■ Problem details
Verbatim copy without pictures. Please print every entry as it stands.
────────────────
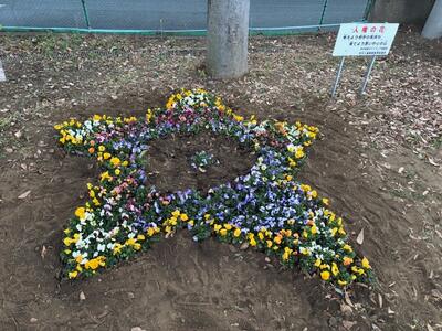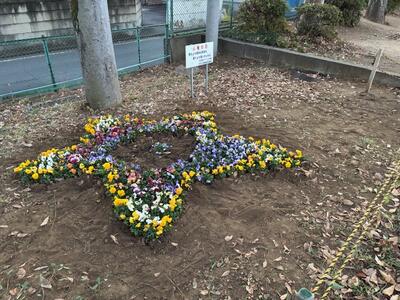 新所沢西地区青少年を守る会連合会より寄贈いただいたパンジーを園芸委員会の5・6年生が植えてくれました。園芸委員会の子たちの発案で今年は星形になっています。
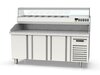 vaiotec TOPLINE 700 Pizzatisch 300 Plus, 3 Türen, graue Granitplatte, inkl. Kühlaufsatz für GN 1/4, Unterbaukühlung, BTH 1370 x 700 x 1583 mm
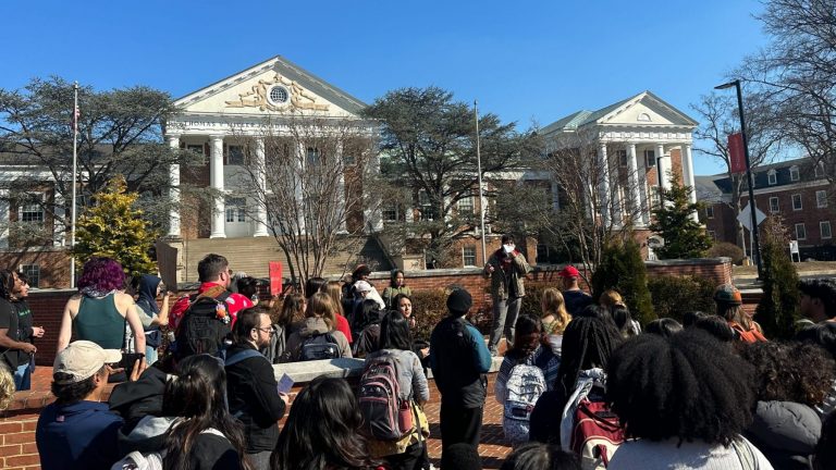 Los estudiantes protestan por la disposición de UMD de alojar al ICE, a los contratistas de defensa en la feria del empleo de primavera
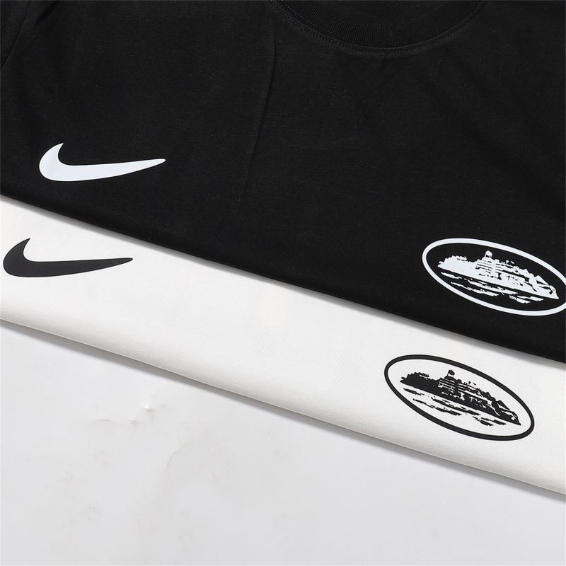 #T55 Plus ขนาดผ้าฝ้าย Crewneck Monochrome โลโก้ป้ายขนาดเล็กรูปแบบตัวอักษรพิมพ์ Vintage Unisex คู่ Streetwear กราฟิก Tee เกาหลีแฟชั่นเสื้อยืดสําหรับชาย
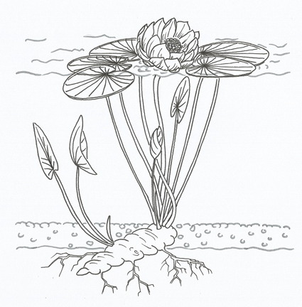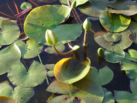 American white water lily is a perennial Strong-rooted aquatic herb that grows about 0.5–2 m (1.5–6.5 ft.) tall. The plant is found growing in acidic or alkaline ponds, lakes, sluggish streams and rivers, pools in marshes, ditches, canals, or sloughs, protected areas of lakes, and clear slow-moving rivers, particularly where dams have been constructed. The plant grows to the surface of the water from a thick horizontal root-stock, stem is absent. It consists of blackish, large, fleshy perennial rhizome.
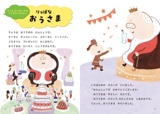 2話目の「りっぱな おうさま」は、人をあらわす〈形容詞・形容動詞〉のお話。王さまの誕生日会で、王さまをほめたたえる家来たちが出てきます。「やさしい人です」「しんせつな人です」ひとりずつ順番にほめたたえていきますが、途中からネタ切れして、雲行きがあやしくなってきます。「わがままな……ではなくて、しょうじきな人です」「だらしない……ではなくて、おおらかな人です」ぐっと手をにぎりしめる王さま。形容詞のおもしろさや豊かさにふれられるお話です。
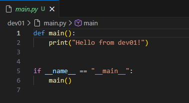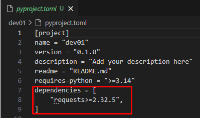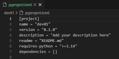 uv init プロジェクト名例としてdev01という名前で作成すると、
────────────────
■ Written reply
 新所沢西地区青少年を守る会連合会より寄贈いただいたパンジーを園芸委員会の5・6年生が植えてくれました。園芸委員会の子たちの発案で今年は星形になっています。
 vaiotec TOPLINE 700 Pizzatisch 300 Plus, 3 Türen, graue Granitplatte, inkl. Kühlaufsatz für GN 1/4, Unterbaukühlung, BTH 1370 x 700 x 1583 mm
 Los estudiantes protestan por la disposición de UMD de alojar al ICE, a los contratistas de defensa en la feria del empleo de primavera
 #T55 Plus ขนาดผ้าฝ้าย Crewneck Monochrome โลโก้ป้ายขนาดเล็กรูปแบบตัวอักษรพิมพ์ Vintage Unisex คู่ Streetwear กราฟิก Tee เกาหลีแฟชั่นเสื้อยืดสําหรับชาย
 American white water lily is a perennial Strong-rooted aquatic herb that grows about 0.5–2 m (1.5–6.5 ft.) tall. The plant is found growing in acidic or alkaline ponds, lakes, sluggish streams and rivers, pools in marshes, ditches, canals, or sloughs, protected areas of lakes, and clear slow-moving rivers, particularly where dams have been constructed. The plant grows to the surface of the water from a thick horizontal root-stock, stem is absent. It consists of blackish, large, fleshy perennial rhizome.
 2話目の「りっぱな おうさま」は、人をあらわす〈形容詞・形容動詞〉のお話。王さまの誕生日会で、王さまをほめたたえる家来たちが出てきます。「やさしい人です」「しんせつな人です」ひとりずつ順番にほめたたえていきますが、途中からネタ切れして、雲行きがあやしくなってきます。「わがままな……ではなくて、しょうじきな人です」「だらしない……ではなくて、おおらかな人です」ぐっと手をにぎりしめる王さま。形容詞のおもしろさや豊かさにふれられるお話です。
 uv init プロジェクト名例としてdev01という名前で作成すると、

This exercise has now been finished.